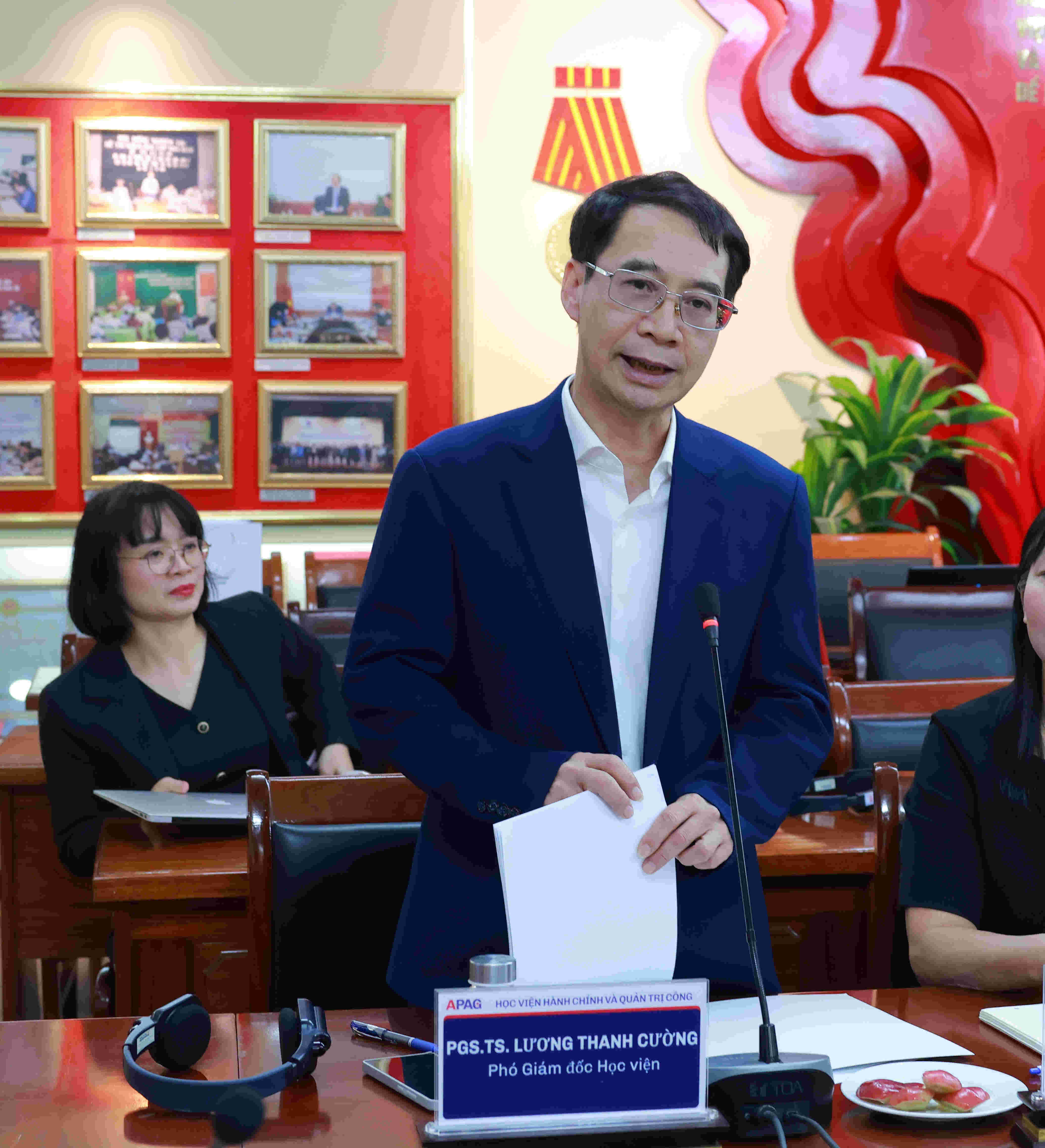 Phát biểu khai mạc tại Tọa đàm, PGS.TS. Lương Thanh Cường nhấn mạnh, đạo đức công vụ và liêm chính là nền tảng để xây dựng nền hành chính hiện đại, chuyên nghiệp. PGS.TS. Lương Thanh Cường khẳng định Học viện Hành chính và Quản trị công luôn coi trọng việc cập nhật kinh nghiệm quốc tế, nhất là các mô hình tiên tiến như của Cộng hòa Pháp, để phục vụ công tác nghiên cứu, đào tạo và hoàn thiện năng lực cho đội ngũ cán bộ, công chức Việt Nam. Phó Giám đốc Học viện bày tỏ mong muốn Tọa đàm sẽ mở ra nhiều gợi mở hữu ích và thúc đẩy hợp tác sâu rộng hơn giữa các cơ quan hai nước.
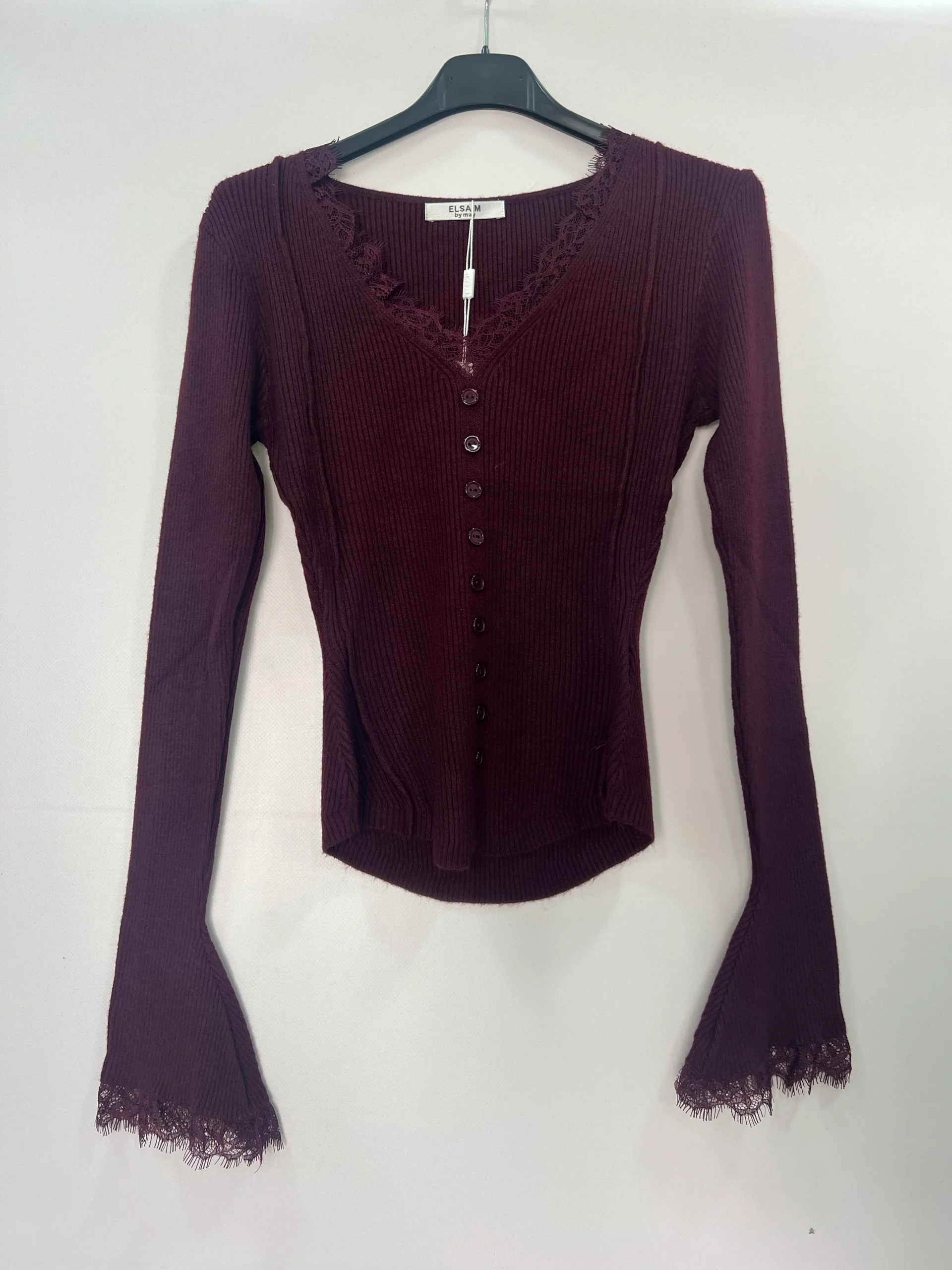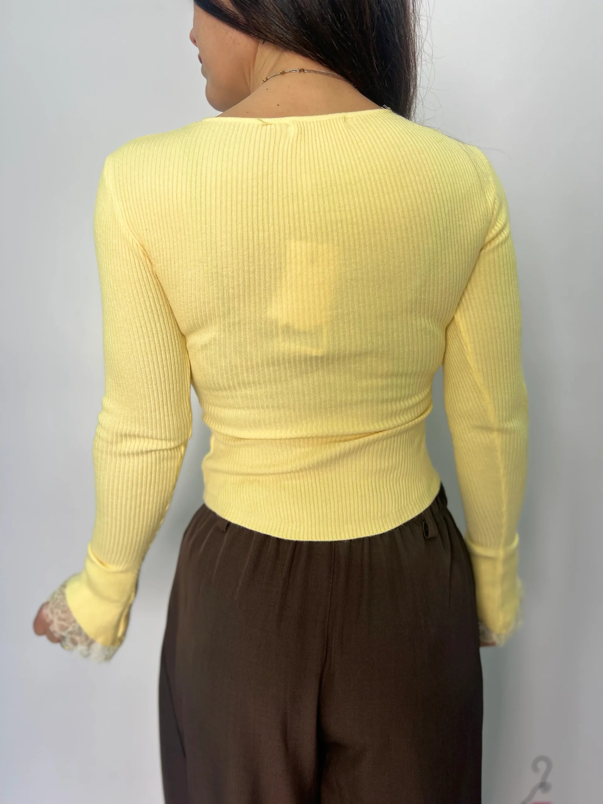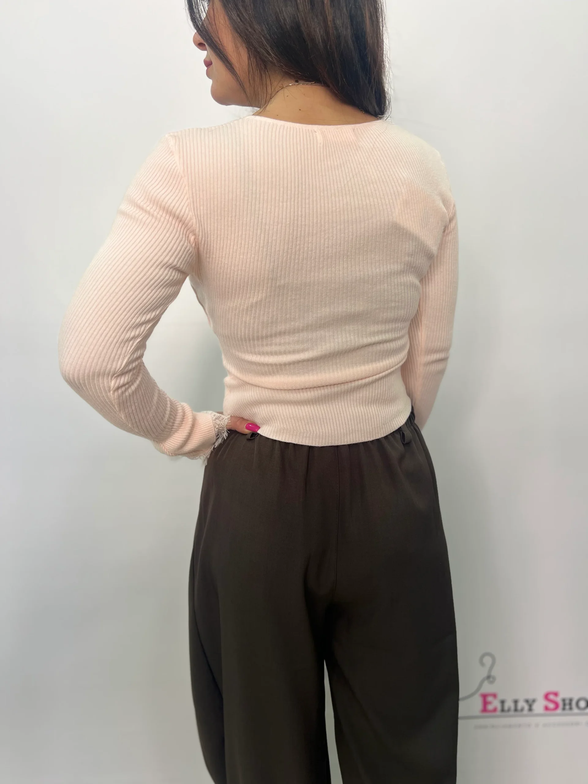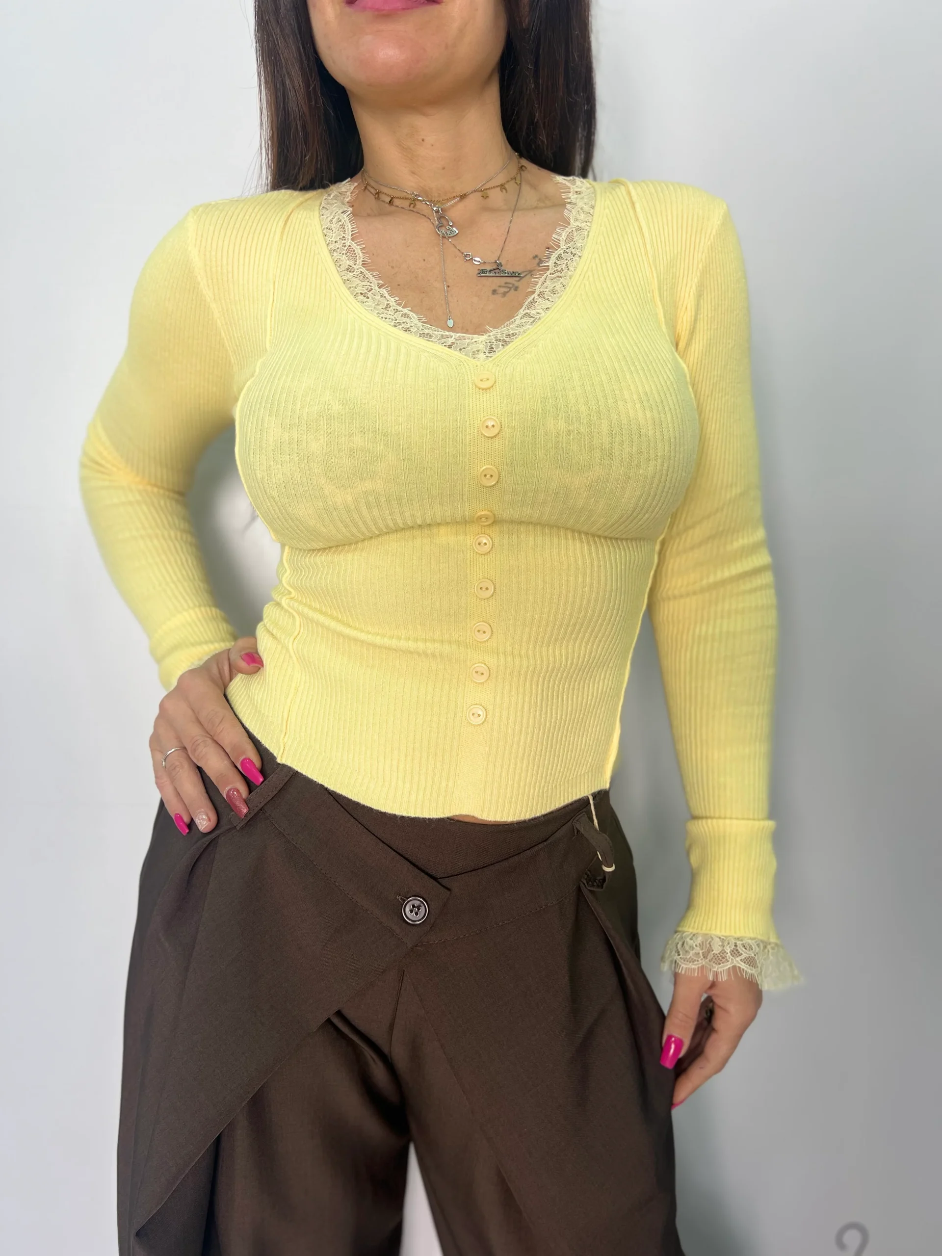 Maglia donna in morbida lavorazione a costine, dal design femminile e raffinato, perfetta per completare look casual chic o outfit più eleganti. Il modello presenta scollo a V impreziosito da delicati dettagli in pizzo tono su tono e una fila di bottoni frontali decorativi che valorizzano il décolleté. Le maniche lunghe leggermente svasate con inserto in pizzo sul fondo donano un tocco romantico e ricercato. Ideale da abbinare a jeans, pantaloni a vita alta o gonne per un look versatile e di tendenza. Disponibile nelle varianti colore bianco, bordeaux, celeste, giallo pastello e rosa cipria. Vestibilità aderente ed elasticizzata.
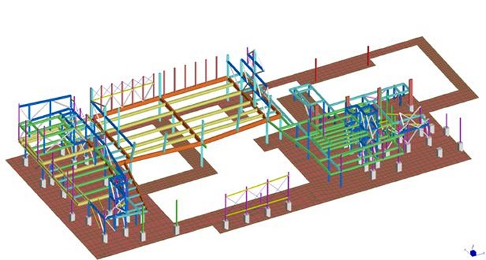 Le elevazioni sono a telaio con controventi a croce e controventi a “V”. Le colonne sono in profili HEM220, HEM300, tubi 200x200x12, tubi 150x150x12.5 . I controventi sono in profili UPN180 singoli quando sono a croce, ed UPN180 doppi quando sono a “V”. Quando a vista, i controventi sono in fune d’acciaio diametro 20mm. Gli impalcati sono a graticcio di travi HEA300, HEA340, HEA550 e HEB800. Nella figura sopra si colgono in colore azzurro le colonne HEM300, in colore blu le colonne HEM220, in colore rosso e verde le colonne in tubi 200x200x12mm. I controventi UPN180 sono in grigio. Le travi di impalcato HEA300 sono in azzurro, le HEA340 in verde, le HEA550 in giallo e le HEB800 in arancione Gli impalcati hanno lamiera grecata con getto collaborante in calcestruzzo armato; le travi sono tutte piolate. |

=-=-=-=-=

- [PROMPT]: A word-for-word copy is required of the lines above from the line with "Maglia donna in" through the last line of the data; no other lines and no pictures belong in it.

- [REPLY]:
 Maglia donna in morbida lavorazione a costine, dal design femminile e raffinato, perfetta per completare look casual chic o outfit più eleganti. Il modello presenta scollo a V impreziosito da delicati dettagli in pizzo tono su tono e una fila di bottoni frontali decorativi che valorizzano il décolleté. Le maniche lunghe leggermente svasate con inserto in pizzo sul fondo donano un tocco romantico e ricercato. Ideale da abbinare a jeans, pantaloni a vita alta o gonne per un look versatile e di tendenza. Disponibile nelle varianti colore bianco, bordeaux, celeste, giallo pastello e rosa cipria. Vestibilità aderente ed elasticizzata.
 Le elevazioni sono a telaio con controventi a croce e controventi a “V”. Le colonne sono in profili HEM220, HEM300, tubi 200x200x12, tubi 150x150x12.5 . I controventi sono in profili UPN180 singoli quando sono a croce, ed UPN180 doppi quando sono a “V”. Quando a vista, i controventi sono in fune d’acciaio diametro 20mm. Gli impalcati sono a graticcio di travi HEA300, HEA340, HEA550 e HEB800. Nella figura sopra si colgono in colore azzurro le colonne HEM300, in colore blu le colonne HEM220, in colore rosso e verde le colonne in tubi 200x200x12mm. I controventi UPN180 sono in grigio. Le travi di impalcato HEA300 sono in azzurro, le HEA340 in verde, le HEA550 in giallo e le HEB800 in arancione Gli impalcati hanno lamiera grecata con getto collaborante in calcestruzzo armato; le travi sono tutte piolate. |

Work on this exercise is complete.